## Data
────
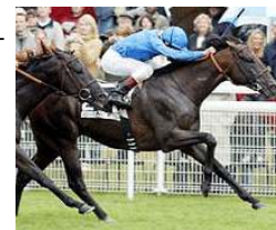
Librettist
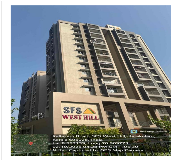
SFS West Hill - (Residential) – Trivandrum
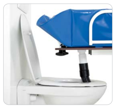
Flexible water drainage hose.
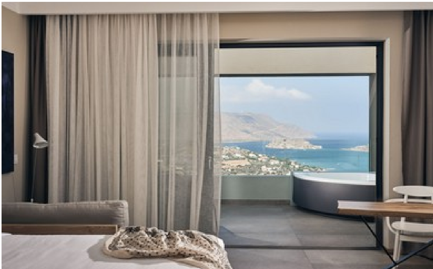
Sapphire Zen Suite with sharing pool Sea View
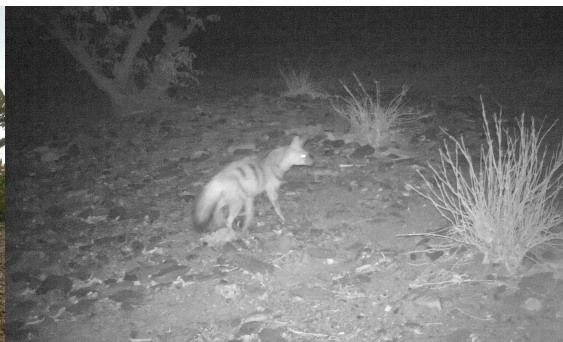
Fig. 5: Camera trap image
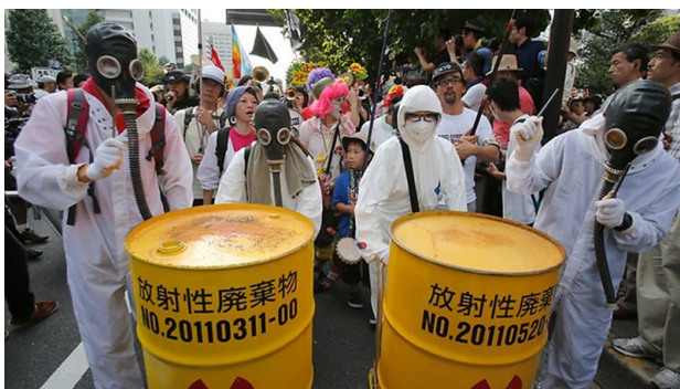
Anti-nuclear protesters, wearing gas-masks, beat metal drums as they march near Japan's Parliament in Tokyo on July 29.

In a series of editorials in the Asahi, Oguma addressed readers more directly. On March 9, 2012, he exhorted his readers to "think for themselves" in deciding whether nuclear power is appropriate for Japan, pointing out the importance of an informed citizenry and the possibility of protest as a viable and even necessary tool of social change, albeit, one that requires more of each individual than they are used to giving. On May 9, 2012, he points to the impossibly high economic and social costs required to somehow minimize or even manage the risk that nuclear power poses to society and humanity. Oguma points to the need for "courage" in facing up to entrenched interests of banks and insurance companies, corporations and bureaucrats, in a Japanese state that is still authoritarian, even in dysfunction.
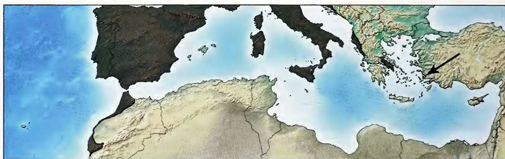
Fig. 3. Known distribution of Cacyreus marshalli in Europe and North Africa (shaded area; modified from Tshikolovets 2011), and the approximate position of the observation in Turkey (red circle, arrow).
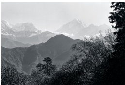
Michael Oppitz Approaching the border of fate, 1984 silver gelatin print, 2021 28 x 42 cm Edition 3 + 1 AP MOP/F 1984/09_M
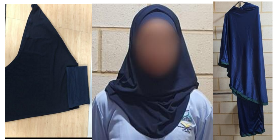
Two-piece Navy Hijab (Primary and High School)
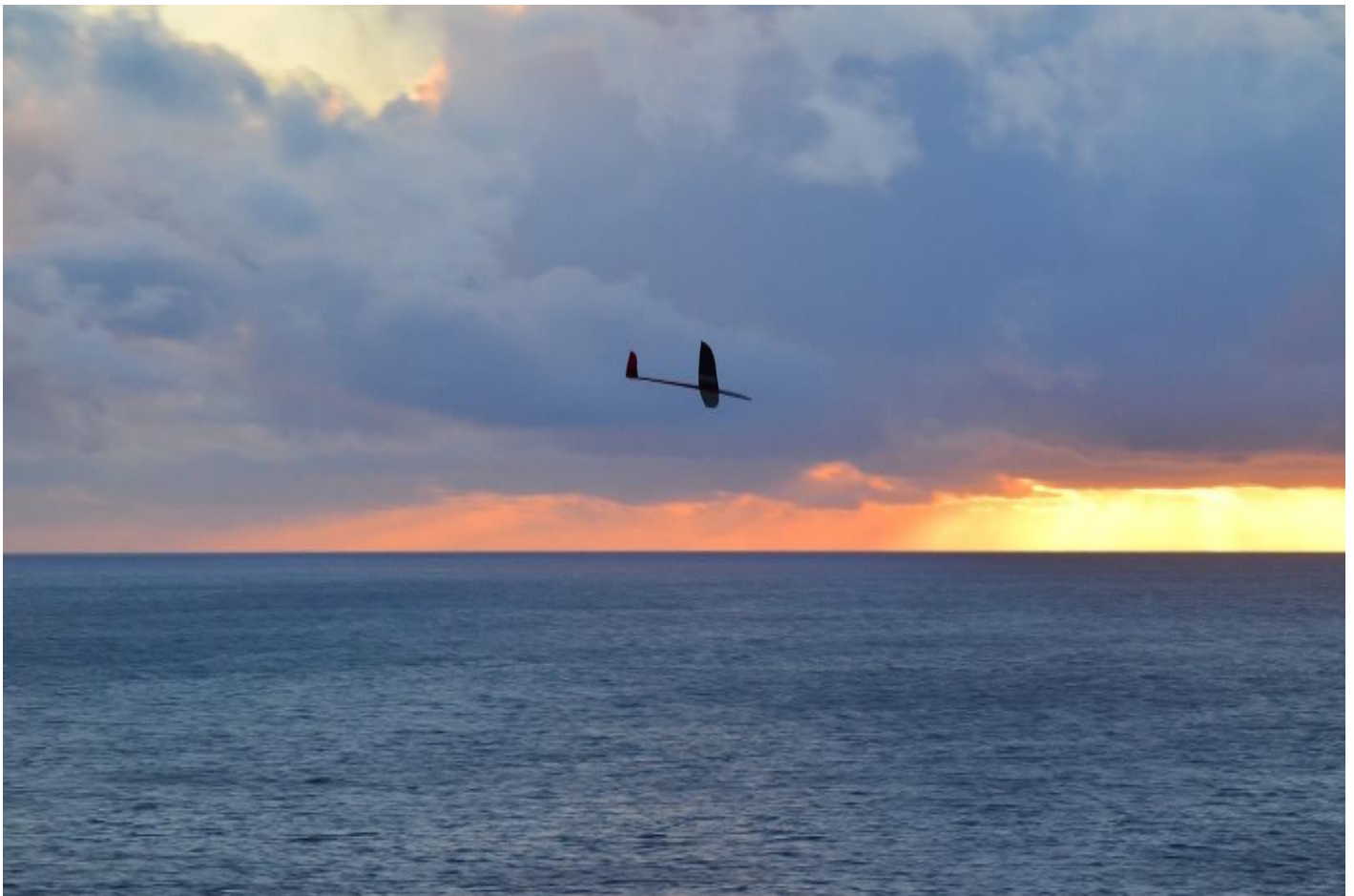
NAN Shadow at Torrey
────
Copy only these lines from the records above, exactly: the one with "Fig. 5: Camera trap image", the one with "Anti-nuclear protesters, wearing", and those between. Skip the pictures.

Fig. 5: Camera trap image
Anti-nuclear protesters, wearing gas-masks, beat metal drums as they march near Japan's Parliament in Tokyo on July 29.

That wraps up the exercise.